Let $f:\mathbb{R}^n\longrightarrow \mathbb{R}$ be a lower semicontinuous function, and $g:\mathbb{R}\longrightarrow\mathbb{R}$ be a lower semicontinuous and nondecreasing function.

(1) Show that the function $h$ defined by $h(x)=g(f(x))$ is lower semicontinuous.

(2) Give an example showing that the nondecrease assumption is essential.

Part (1)
$f$ is lower semicontinuous, therefore: $\forall x_0\in\mathbb{R}^n$

$$\forall\epsilon>0: \exists U\in N(x_0): f(x)\geq f(x_0)-\epsilon,\; \forall x\in U \tag{1}$$ Where $U$ is a neighborhood of $x_0$.

$g$ is lower semicontinuous, therefore: $\forall y_0\in\mathbb{R}$

$$\forall\epsilon>0: \exists V\in N(y_0): g(y)\geq g(y_0)-\epsilon,\; \forall y\in V \tag{2}$$

It is sufficient to prove for $h(x)=g(f(x))$ that: $\forall x_0\in\mathbb{R}^n$

$$\forall\epsilon>0: \exists U\in N(x_0): g(f(x))\geq g(f(x_0))-\epsilon,\; \forall x\in U \tag{3}$$

$g$ is nondecreasing, therefore $(1)$ becomes: $\forall x_0\in\mathbb{R}^n$

$$\forall\epsilon>0: \exists U\in N(x_0): g(f(x))\geq g(f(x_0)-\epsilon),\; \forall x\in U \tag{4}$$

I am stuck here.
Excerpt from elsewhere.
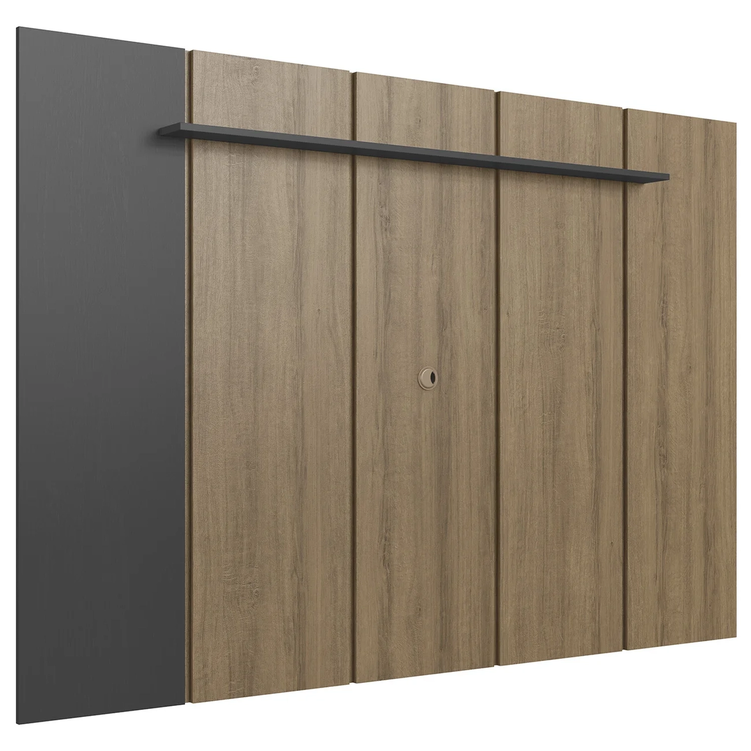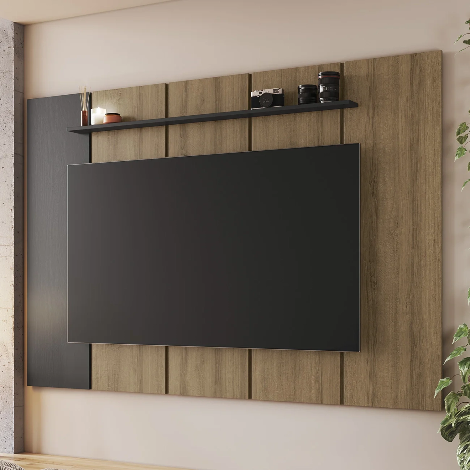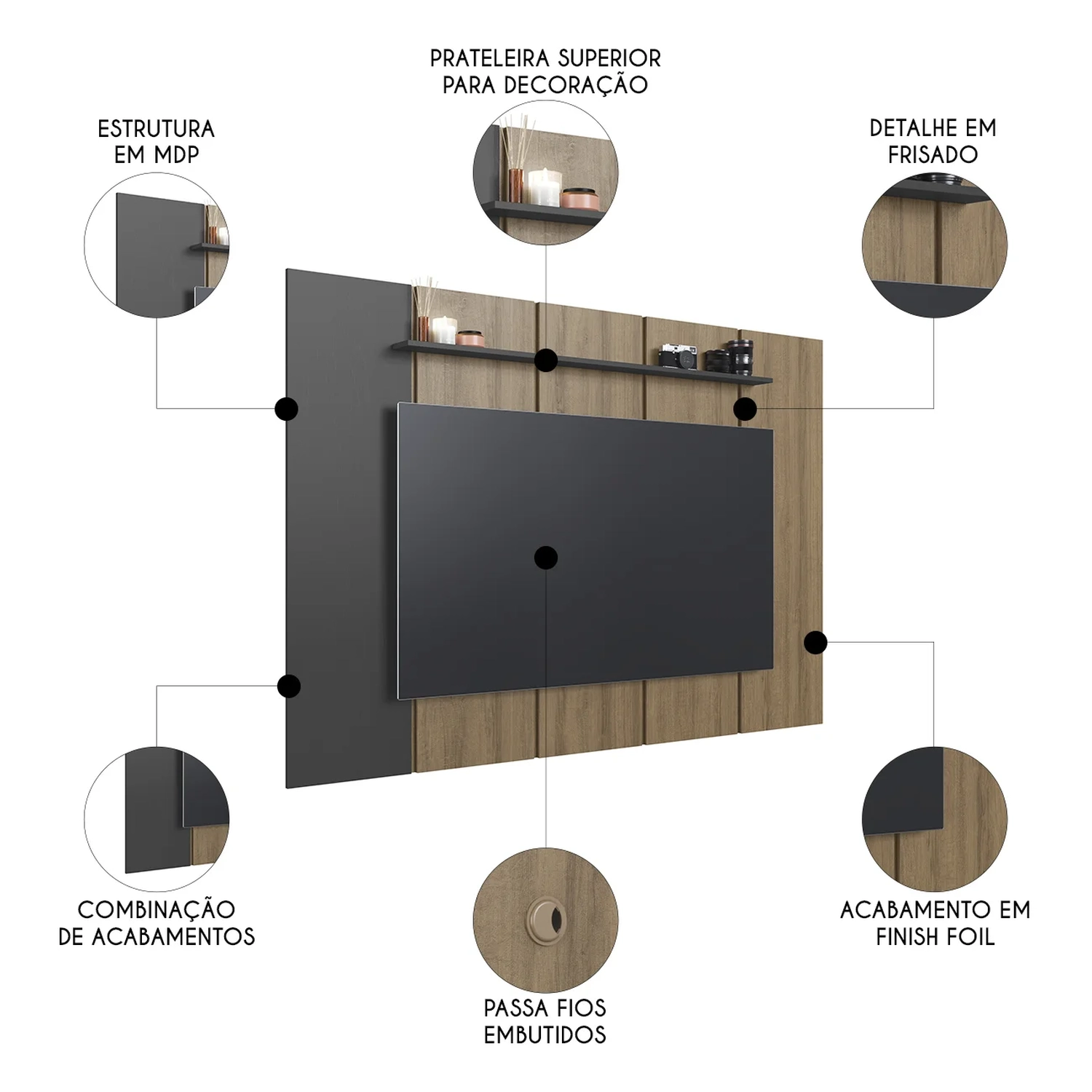 O painel conta com prateleira superior para acomodar objetos decorativos, além de passa fios, garantindo praticidade e uma aparência sempre organizada, perfeita para quem deseja unir beleza e funcionalidade.

I am also looking at the possibility of taking $y_0=f(x_0)$ and $y=f(x)$.

I am frankly lost in the abstraction, and I do not fully understand why the lower semicontinuity is important here, or why $g$ must be nondecreasing.

Part (2)

I feel if I understand Part (1) then it would be easier for me to come up with an example.

Thank you.


It might help to work with the sequential characterisation of lsc. A function $h$ is lsc. at $x$ iff $\liminf_n h(x_n) \ge h(x^*)$ for any sequence $x_n \to x^*$.

Pick some sequence $x_n \to x^*$. Since $f$ is lsc. we have $\liminf_n f(x_n) \ge f(x^*)$, and since $g$ is non decreasing we have $g(\liminf_n f(x_n) ) \ge g(f(x^*))$.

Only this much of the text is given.